Write out the lines of the material below exactly, beginning at the line with "Este es un juego" and stopping after the line with "Тем временем райзен", and leave out the pictures.
-- Listed entries follows --
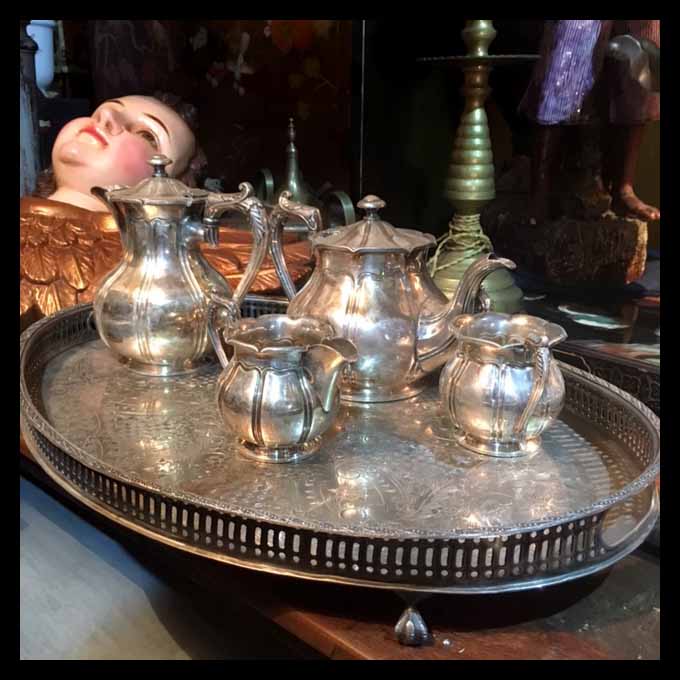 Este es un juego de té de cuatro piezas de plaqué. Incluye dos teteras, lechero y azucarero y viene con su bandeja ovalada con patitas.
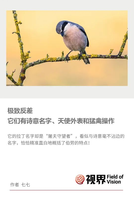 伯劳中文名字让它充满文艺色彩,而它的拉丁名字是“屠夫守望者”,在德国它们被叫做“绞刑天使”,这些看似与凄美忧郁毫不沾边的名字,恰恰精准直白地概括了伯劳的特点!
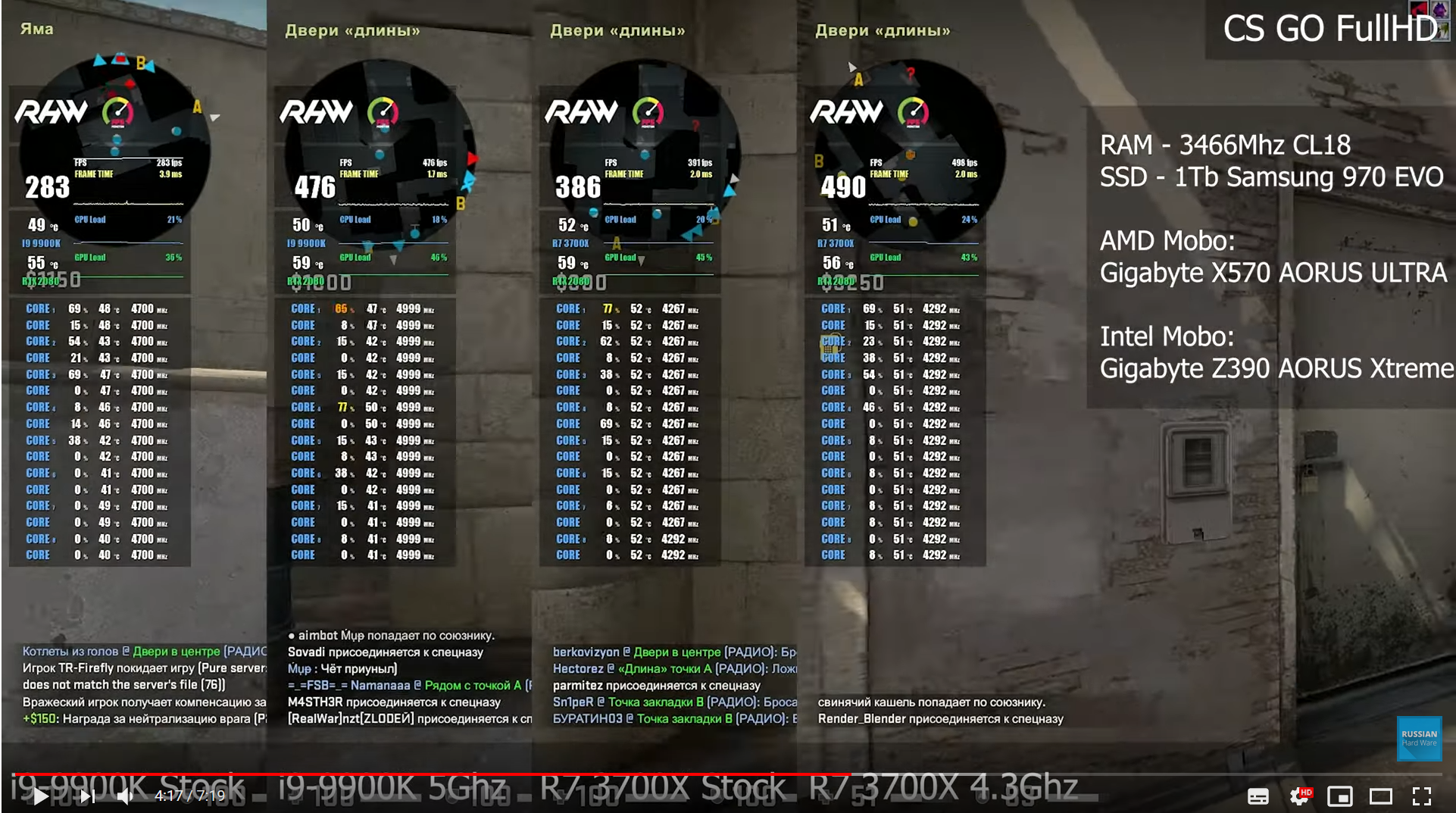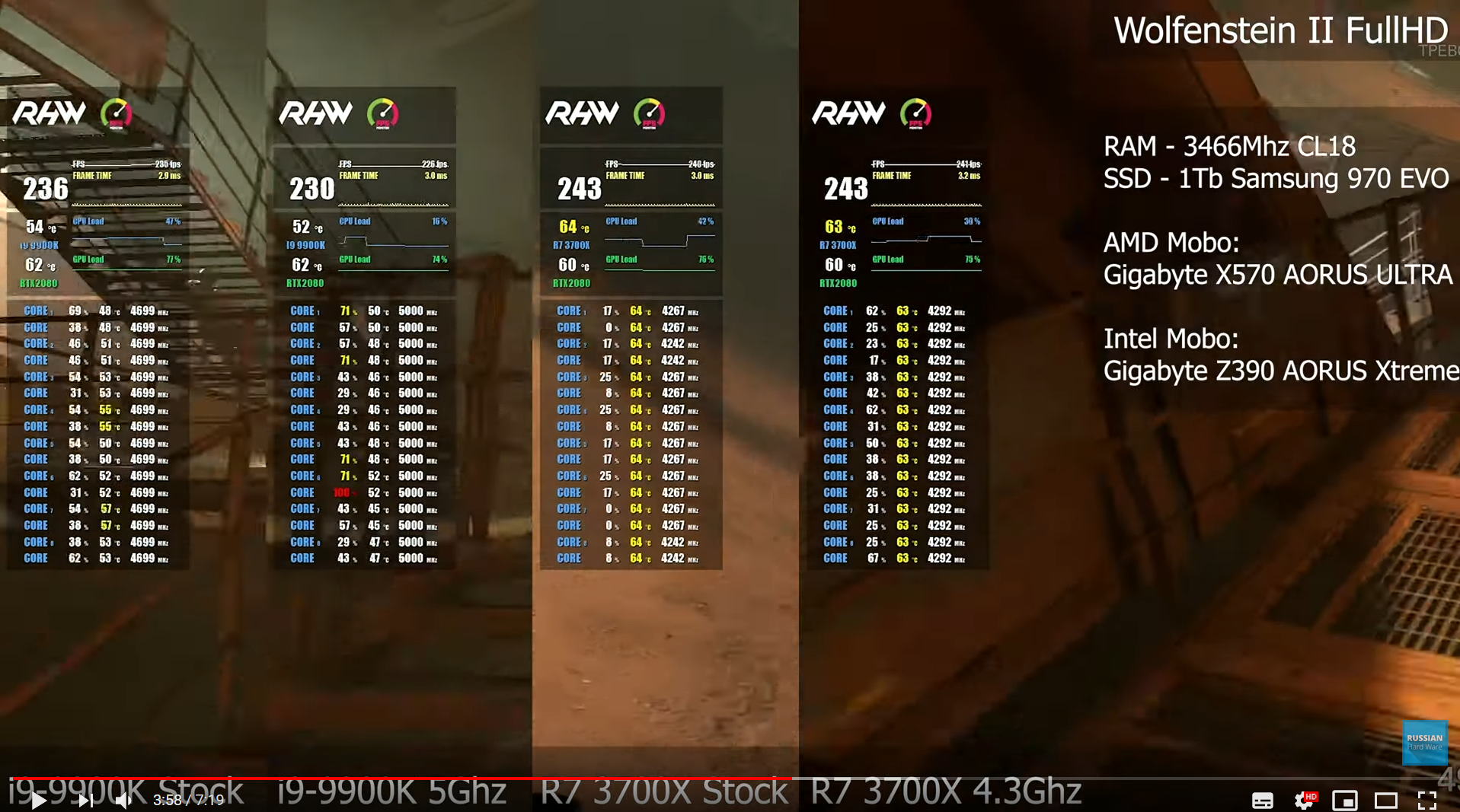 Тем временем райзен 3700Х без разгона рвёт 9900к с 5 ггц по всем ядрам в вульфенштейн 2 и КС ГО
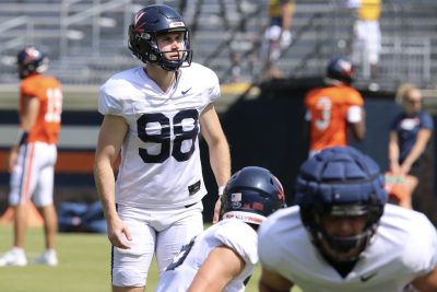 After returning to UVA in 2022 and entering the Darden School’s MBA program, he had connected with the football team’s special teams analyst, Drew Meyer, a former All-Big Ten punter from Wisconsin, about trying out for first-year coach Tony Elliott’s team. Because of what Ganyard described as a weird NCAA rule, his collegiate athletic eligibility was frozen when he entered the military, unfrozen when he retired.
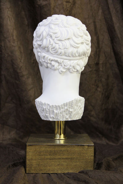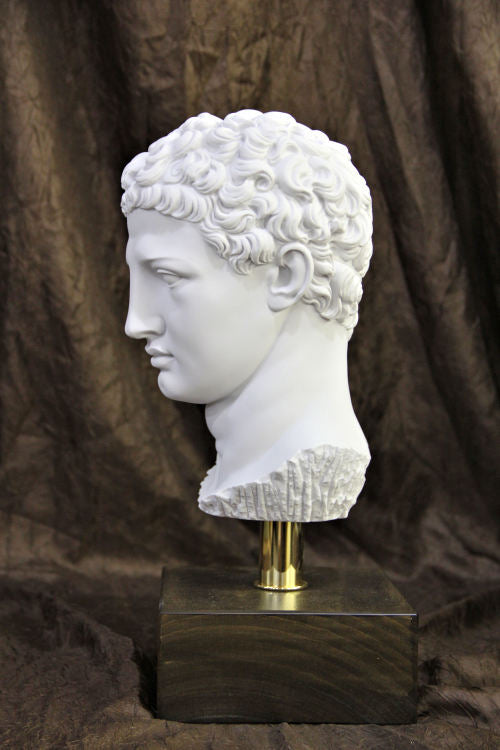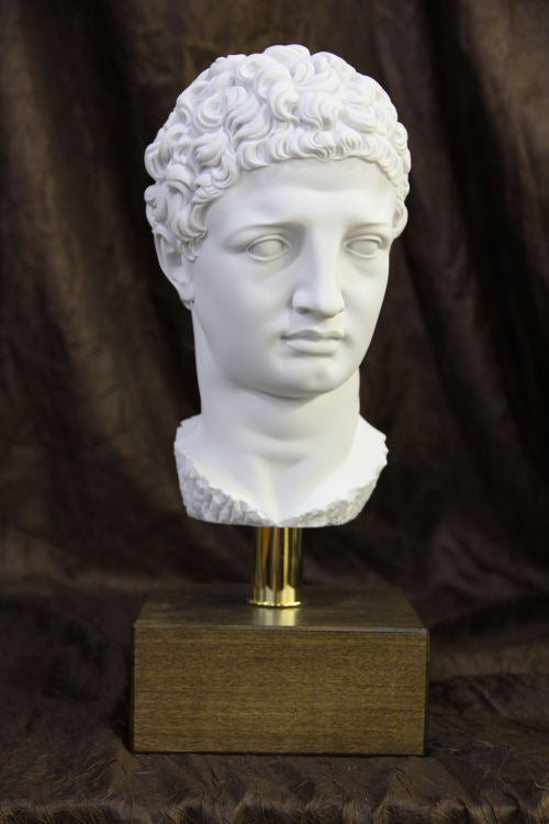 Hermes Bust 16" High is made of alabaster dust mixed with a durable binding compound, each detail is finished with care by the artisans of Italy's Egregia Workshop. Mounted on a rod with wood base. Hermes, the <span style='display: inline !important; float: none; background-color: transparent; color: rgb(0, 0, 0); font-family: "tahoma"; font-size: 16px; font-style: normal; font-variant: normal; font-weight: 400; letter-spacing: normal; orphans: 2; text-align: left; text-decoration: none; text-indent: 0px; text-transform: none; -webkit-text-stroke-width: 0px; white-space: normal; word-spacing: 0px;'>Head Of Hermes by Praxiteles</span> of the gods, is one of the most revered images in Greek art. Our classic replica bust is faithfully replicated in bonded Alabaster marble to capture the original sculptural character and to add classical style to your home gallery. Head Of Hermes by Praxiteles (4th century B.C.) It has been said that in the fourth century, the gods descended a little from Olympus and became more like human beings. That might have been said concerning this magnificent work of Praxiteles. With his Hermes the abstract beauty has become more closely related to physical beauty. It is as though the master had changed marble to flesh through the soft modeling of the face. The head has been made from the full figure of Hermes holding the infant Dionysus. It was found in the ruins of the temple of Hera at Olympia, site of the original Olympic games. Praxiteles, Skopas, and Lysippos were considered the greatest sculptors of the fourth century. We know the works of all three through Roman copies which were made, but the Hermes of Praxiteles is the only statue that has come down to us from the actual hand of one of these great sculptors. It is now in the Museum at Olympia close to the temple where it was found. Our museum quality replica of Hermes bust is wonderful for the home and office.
-- Listed entries concluded --
-- Listed entries follows --
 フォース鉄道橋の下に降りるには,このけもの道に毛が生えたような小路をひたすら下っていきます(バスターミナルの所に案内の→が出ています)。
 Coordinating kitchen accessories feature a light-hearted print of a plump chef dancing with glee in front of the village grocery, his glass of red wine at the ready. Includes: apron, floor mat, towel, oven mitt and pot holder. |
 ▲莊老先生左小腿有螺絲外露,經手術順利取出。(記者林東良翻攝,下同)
-- Listed entries concluded --
Reply to the exercise:
 Este es un juego de té de cuatro piezas de plaqué. Incluye dos teteras, lechero y azucarero y viene con su bandeja ovalada con patitas.
 伯劳中文名字让它充满文艺色彩,而它的拉丁名字是“屠夫守望者”,在德国它们被叫做“绞刑天使”,这些看似与凄美忧郁毫不沾边的名字,恰恰精准直白地概括了伯劳的特点!
 Тем временем райзен 3700Х без разгона рвёт 9900к с 5 ггц по всем ядрам в вульфенштейн 2 и КС ГО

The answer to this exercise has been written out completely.